= John Bosley Ziegler =

American doctor

John Bosley Ziegler (ca. 1920–1983) — known as John Ziegler and Montana Jack — was the American physician who originally developed the anabolic steroid Methandrostenolone (Dianabol, DBOL) which was released in the US in 1958 by Ciba. He pioneered its athletic use as an aid to muscle growth by bodybuilders, administering it to U.S. weightlifting champion Bill March of the York Barbell Club in 1959 when he was the physician to the U.S. Weightlifting team. It was banned by the Food and Drug Administration (FDA) under the Controlled Substances Act. Later in his life, he was outspoken against its use in sport, saying "It is bad enough to have to deal with drug addicts, but now healthy athletes are putting themselves in the same category. It's a disgrace. Who plays sports for fun anymore?" Ziegler suffered from heart disease, which he partially ascribed to his experimentation with steroids, and he died from heart failure in 1983.

==Biography==
===Early life===
Ziegler was born in the Midwestern United States but he returned to his family roots in southern Pennsylvania and graduated from Gettysburg College in 1942. He was descended from three generations of doctors going back to the American Civil War, and his father had been both practicing physician and a scientist who had discovered the salt tablet.

He served as an officer in the United States Marine Corps in the Pacific in World War II, where he suffered extensive bullet wounds. His experience of surgery and convalescence lead to a speciality in recuperative medicine at the University of Maryland Medical School. He served his internship and residency at Marine hospitals in Norfolk Virginia and Mobile Alabama, before completing a two-year residence in neurology at Tulane University School of Medicine in New Orleans. In 1954, after he settled in Olney, Maryland he specialized in the treatment of handicapped and seriously injured patients whilst conducting part-time chemistry research at Ciba Pharmaceuticals in Summit, N.J.

He became an enthusiastic weightlifter who pumped iron at the York Barbell Club, which was at the center of American fitness training thanks to its owner Bob Hoffman. Hoffman had competed with Joe Weider and Charles Atlas for the title of Mr America and wrote the book Weight Lifting in 1939. Ziegler's scientific credentials supplemented Hoffman's bodybuilding theories. Ziegler befriended weightlifter and bodybuilder champion John Grimek who was employed by Hoffman.
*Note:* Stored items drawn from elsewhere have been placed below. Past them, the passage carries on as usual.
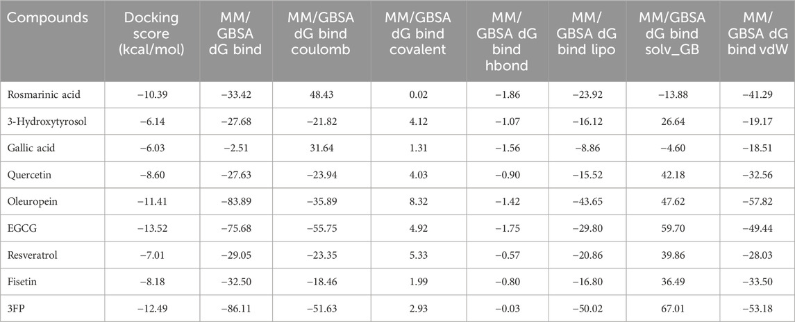 The difference in GBSA solvation energies between the complex and the sum of ligands and proteins is denoted by ΔGsolv. Furthermore, ΔGSA is the difference in the surface area energies between the complex and the sum of proteins and ligands. A script was used to calculate the average MM/GBSA binding energy, which also generates the Coulomb energy (Coulomb), covalent binding energy (Covalent), hydrogen-bonding energy (H-bond), lipophilic energy (Lipo), generalized Born electrostatic solvation energy (Solv_GB), and vdW energy.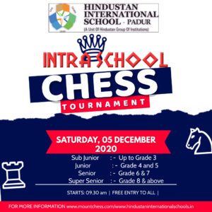 Intra School Online Chess Tournament-2020-2021View Details Padur Campus Intra School Online Chess Tournament-2020-2021Hindustan International School, Padur hosted an Intra School Online Chess tournament for the first time, to provide a platform for students...Dec 05, 2020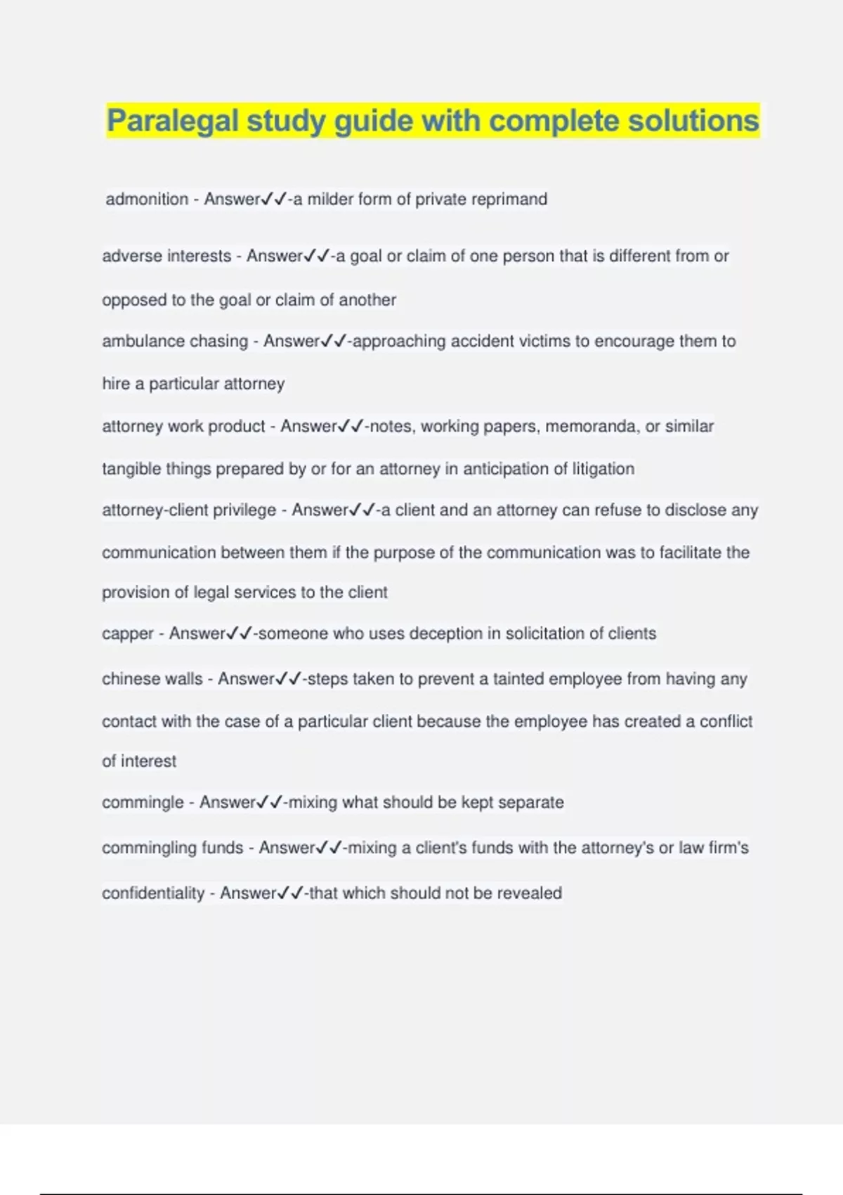 Paralegal study guide with complete solutions

===Developing anabolic steroids===
In October 1954, Ziegler, went to Vienna with the American weightlifting team. There he met a Russian physicist who, over "a few drinks", repeatedly asked "What are you giving your boys?" When Ziegler returned the question, the Russian said that his own athletes were being given testosterone. Returning to America, Ziegler tried weak doses of testosterone on himself, on the American trainer Bob Hoffman and on three lifters, John Grimek, Jim Park and Yaz Kuzahara. All gained more weight and strength than any training programme would produce, but there were side-effects. With the research assistance of Ciba Pharmaceuticals, Ziegler began to look for synthetic substance that would mimic testosterone. Working at CIBA allowed Ziegler access to books and records from Germany where experiments with testosterone had been carried out by the Nazis, and which had been confiscated by the United States after the war. Ziegler sought a drug without after-effects and hit on an anabolic steroid, methandrostenolone (Dianabol, DBOL), made in the U.S. in 1958 by Ciba.

Ziegler gave Dianabol to the entire U.S. Olympic weightlifting team in Rome in 1960, but they still lost to the Soviets. He gave up experimentation with athletes when he learned that some who had taken 20 times the recommended dose of Dianabol had developed a liver condition. He was quoted in Science in 1972 saying "I lost interest in fooling with IQ's of that caliber. Now it's about as widespread among these idiots as marijuana." In later years Ziegler regretted introducing AAS to athletes. He recollected "but I wish to God now I’d never done it. I’d like to go back and take that whole chapter out of my life."